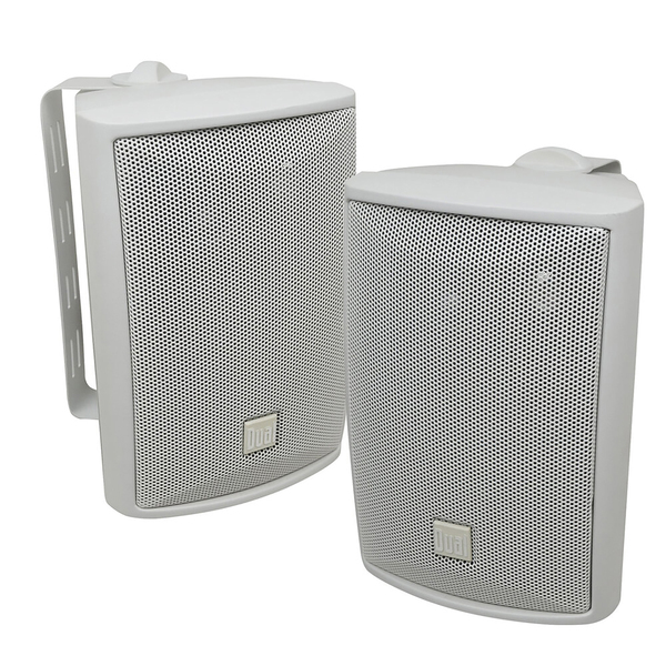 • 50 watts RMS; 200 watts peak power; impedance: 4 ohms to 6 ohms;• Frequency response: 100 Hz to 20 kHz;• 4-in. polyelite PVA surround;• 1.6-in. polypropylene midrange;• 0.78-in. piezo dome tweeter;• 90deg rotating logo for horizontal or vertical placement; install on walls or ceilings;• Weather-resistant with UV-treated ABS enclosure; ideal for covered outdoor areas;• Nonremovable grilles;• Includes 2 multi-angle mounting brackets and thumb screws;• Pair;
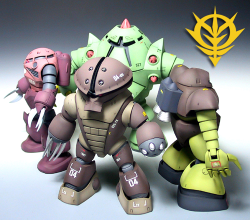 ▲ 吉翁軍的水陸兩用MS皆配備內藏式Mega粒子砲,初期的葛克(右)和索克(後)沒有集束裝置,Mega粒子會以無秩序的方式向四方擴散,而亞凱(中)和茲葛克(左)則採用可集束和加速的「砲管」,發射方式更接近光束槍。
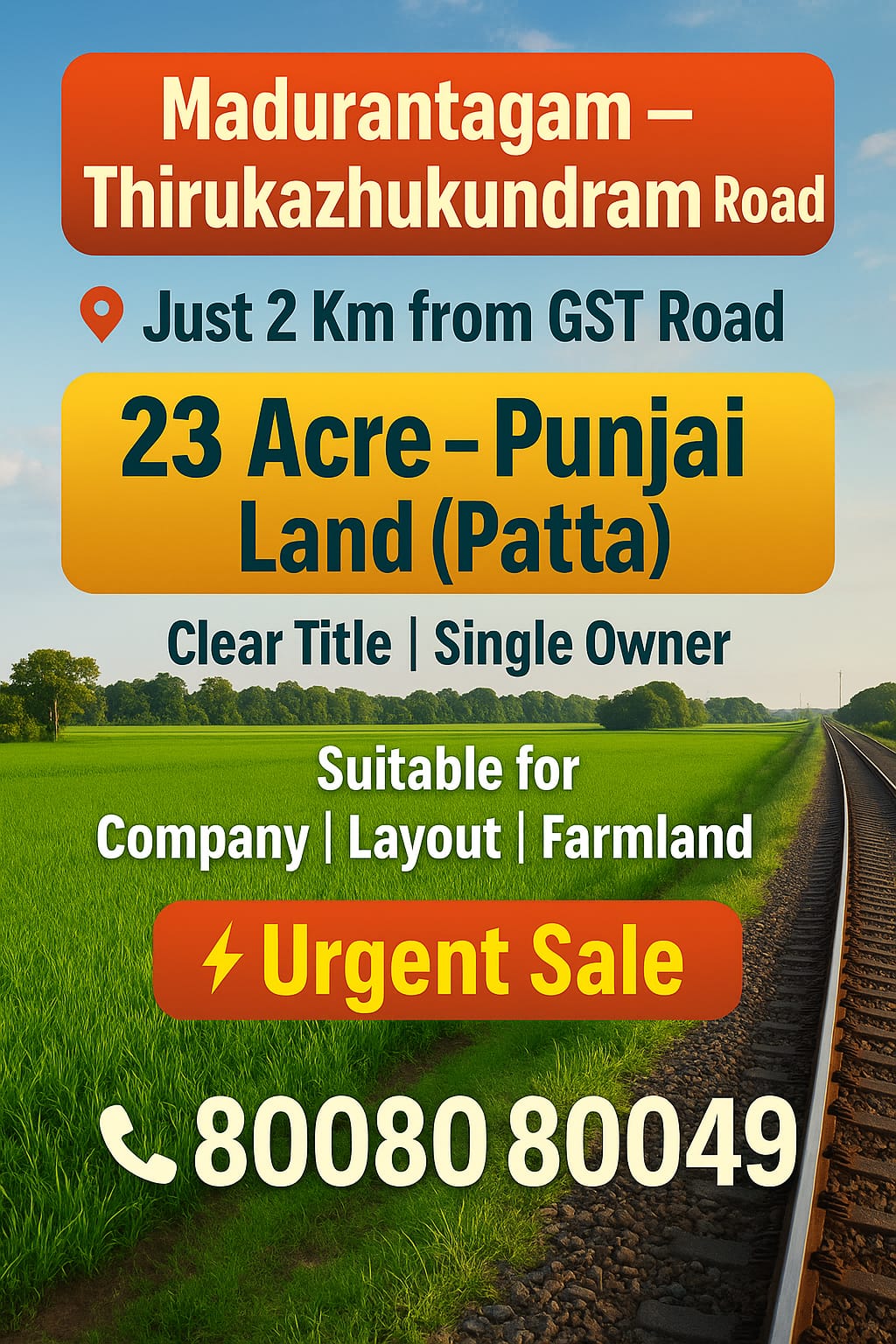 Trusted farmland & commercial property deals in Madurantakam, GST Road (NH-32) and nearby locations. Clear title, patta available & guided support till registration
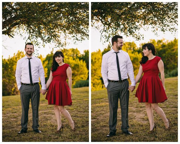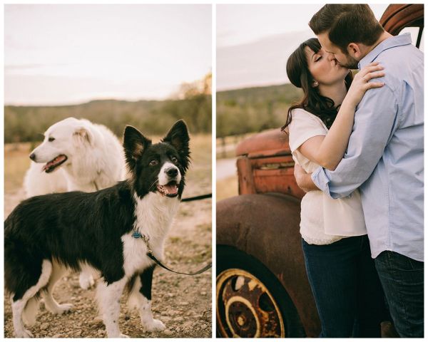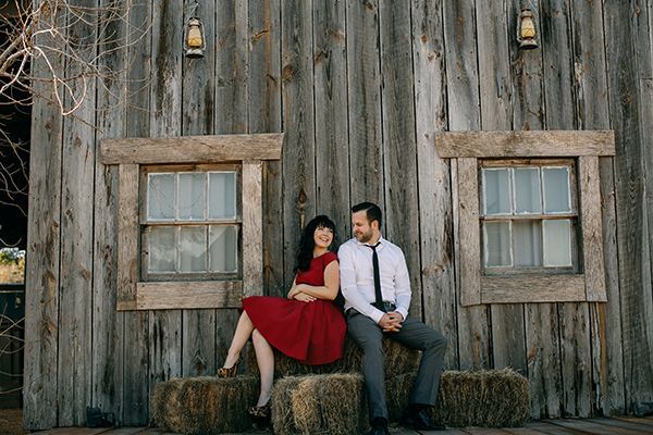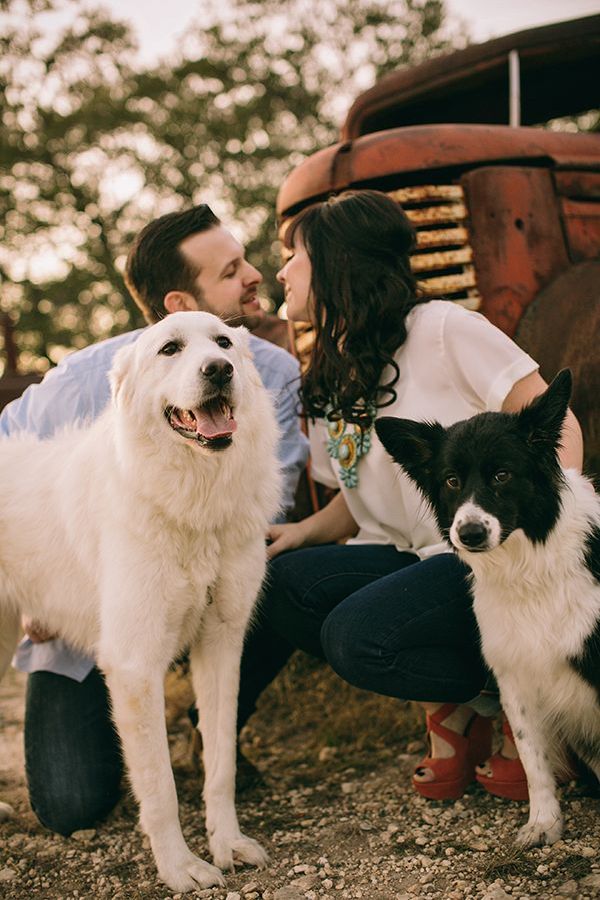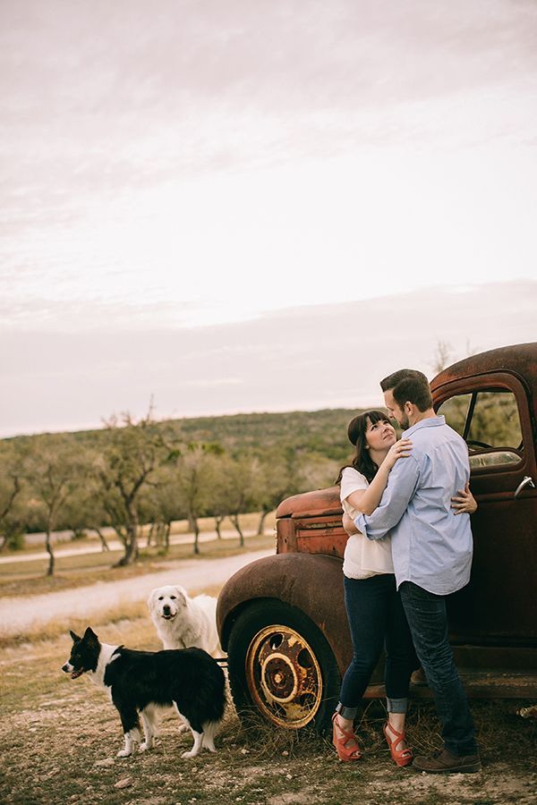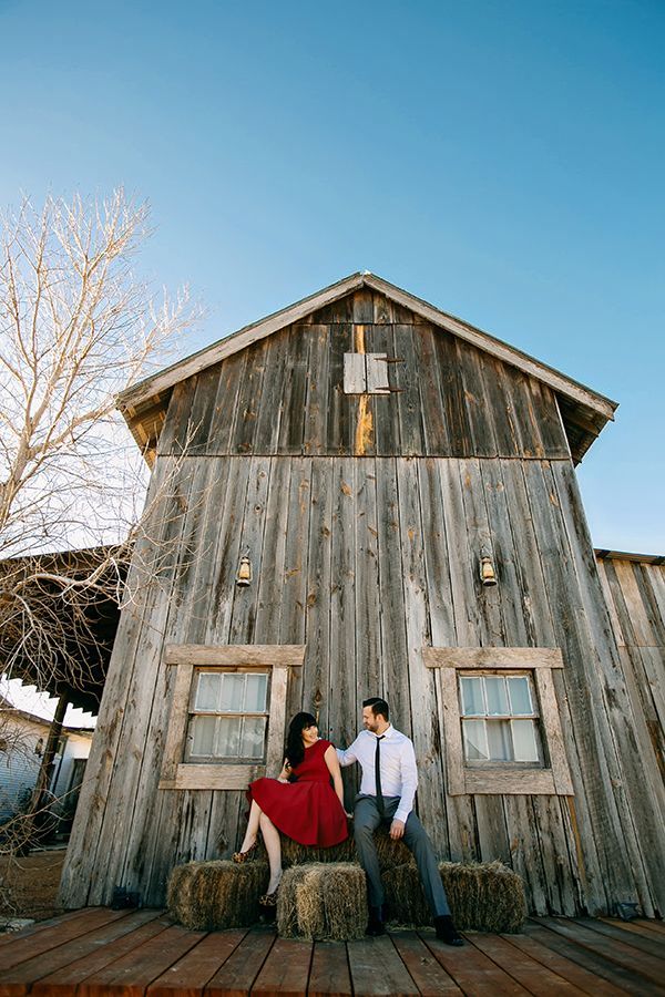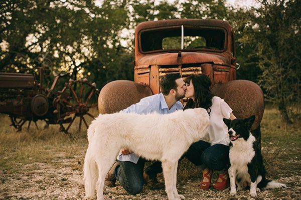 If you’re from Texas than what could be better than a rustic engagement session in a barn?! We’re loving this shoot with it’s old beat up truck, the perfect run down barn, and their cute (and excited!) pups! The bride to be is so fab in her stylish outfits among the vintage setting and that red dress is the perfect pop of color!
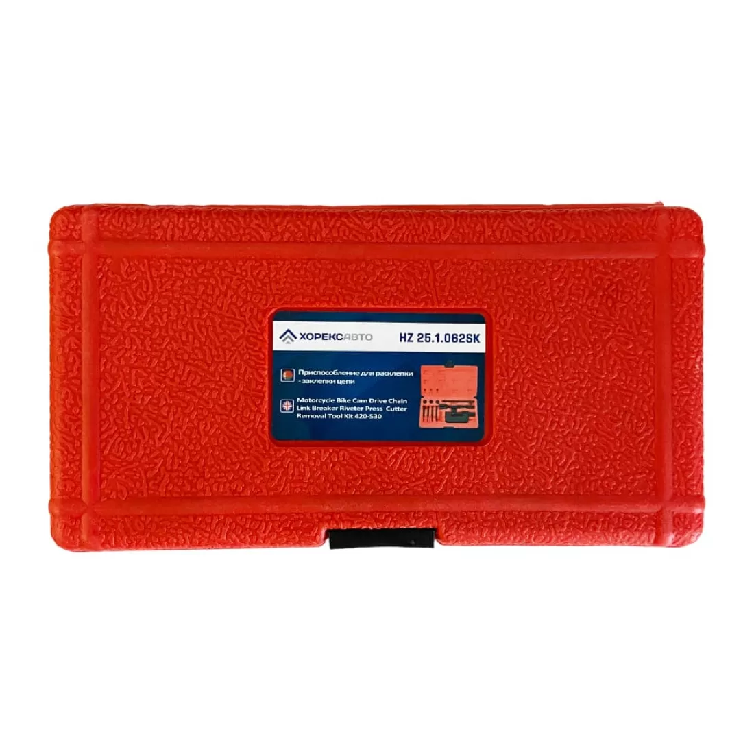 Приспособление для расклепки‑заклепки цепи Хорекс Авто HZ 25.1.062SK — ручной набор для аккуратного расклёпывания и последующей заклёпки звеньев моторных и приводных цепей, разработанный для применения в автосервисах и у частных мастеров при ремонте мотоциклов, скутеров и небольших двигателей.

Task to complete — Would you please write out the entries in full, exactly as they read, but without pictures?

Task result —
 • 50 watts RMS; 200 watts peak power; impedance: 4 ohms to 6 ohms;• Frequency response: 100 Hz to 20 kHz;• 4-in. polyelite PVA surround;• 1.6-in. polypropylene midrange;• 0.78-in. piezo dome tweeter;• 90deg rotating logo for horizontal or vertical placement; install on walls or ceilings;• Weather-resistant with UV-treated ABS enclosure; ideal for covered outdoor areas;• Nonremovable grilles;• Includes 2 multi-angle mounting brackets and thumb screws;• Pair;
 ▲ 吉翁軍的水陸兩用MS皆配備內藏式Mega粒子砲,初期的葛克(右)和索克(後)沒有集束裝置,Mega粒子會以無秩序的方式向四方擴散,而亞凱(中)和茲葛克(左)則採用可集束和加速的「砲管」,發射方式更接近光束槍。
 Trusted farmland & commercial property deals in Madurantakam, GST Road (NH-32) and nearby locations. Clear title, patta available & guided support till registration
 If you’re from Texas than what could be better than a rustic engagement session in a barn?! We’re loving this shoot with it’s old beat up truck, the perfect run down barn, and their cute (and excited!) pups! The bride to be is so fab in her stylish outfits among the vintage setting and that red dress is the perfect pop of color!
 Приспособление для расклепки‑заклепки цепи Хорекс Авто HZ 25.1.062SK — ручной набор для аккуратного расклёпывания и последующей заклёпки звеньев моторных и приводных цепей, разработанный для применения в автосервисах и у частных мастеров при ремонте мотоциклов, скутеров и небольших двигателей.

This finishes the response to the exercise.